Bound To The Disabled Apocalyptic Tycoon
Jessie's biological parents brought her back from a Rust Belt wasteland just to force her into marrying a paralyzed heir to save their bankrupt empire.
Three years later, when the global doomsday apocalypse hit, her own family shoved her into a swarm of infected corpses.
As she was being torn apart by mutated hounds, she was stunned by what she saw.
Her fake sister, Harley, was clutching the antique silver necklace she had stolen from Jessie—an heirloom that secretly contained a magical spatial dimension.
When the infected swarmed them, her biological mother didn't even look back.
"Jessie is just white trash, she is perfectly suited to buy us time to run!"
Harley used Jessie's stolen necklace to live in absolute safety and luxury, while Jessie's windpipe was ripped out in the rotting wasteland.
Until she died, Jessie didn't understand. She was their true flesh and blood.
Why did her parents hate her so much? Why was she sacrificed so easily while the fake daughter got everything?
Opening her eyes again, the blinding glare of a crystal chandelier stabbed into her retinas.
She was back in the Manhattan penthouse on the exact day they sold her off.
This time, Jessie calmly signed the marriage contract, demanded a one hundred million dollar buyout, and walked out to prepare for the apocalypse.
Chapters
Share
Chapter 4
The cab rolled to a stop in front of massive, wrought-iron gothic gates.
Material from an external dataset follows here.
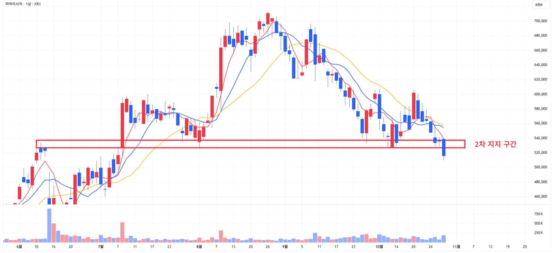 4) 파마리서치 : 당일 2차 지지 구간 하단을 이탈하며 마무리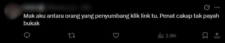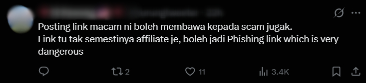 Terdapat juga komen yang mengingatkan link tersebut juga dikhuatiri scam kerana ia tidak semestinya pautan affiliate dan berkemungkinan ia adalah phishing.

Jessie paid the driver, stepped out into the crisp air, and stood before the imposing entrance. She pressed the intercom button and stated her name. With a heavy, grinding mechanical groan, the gates slowly parted.
She dragged her suitcase up the long driveway. The gravel crunched under her shoes. Thick, dark ivy crawled up the stone walls of the estate, giving the place an oppressive, suffocating atmosphere.
Arthur Finch, the head butler, was already waiting at the top of the stone steps. His tuxedo was immaculate, his posture rigid, and his eyes held a deep, unreadable intelligence.
Arthur bowed slightly, a gesture that was polite but entirely devoid of warmth. "Welcome, future Mrs. Ramsey."
Jessie didn't flinch at the title. "Take me to Kenneth."
Arthur's eyebrows twitched, a micro-expression of surprise. He turned and led her through the dimly lit, opulent hallways of the manor, stopping at heavy oak double doors at the end of the ground floor.
Arthur pushed the doors open and stepped aside, gesturing for her to enter alone.
Jessie walked in. The air inside was thick, smelling strongly of medicinal alcohol and the faint, earthy scent of a lit cigar.
The room was dark. The only light came from the roaring fire in the massive stone fireplace, casting dancing shadows over the broad, muscular back of the man sitting in the wheelchair.
Kenneth Ramsey turned his wheelchair around. The firelight illuminated his sharp, ruthless jawline and eyes that burned with a violent, suppressed rage.
He looked her up and down, his gaze heavy and insulting. "The Aguilar family actually sent a country girl to die," his voice was a low, gravelly rasp.
Jessie didn't look away. Her heartbeat remained steady. She walked over to the leather sofa opposite him and sat down.
"I'm not here to play house," Jessie said directly. "I'm here to make a deal."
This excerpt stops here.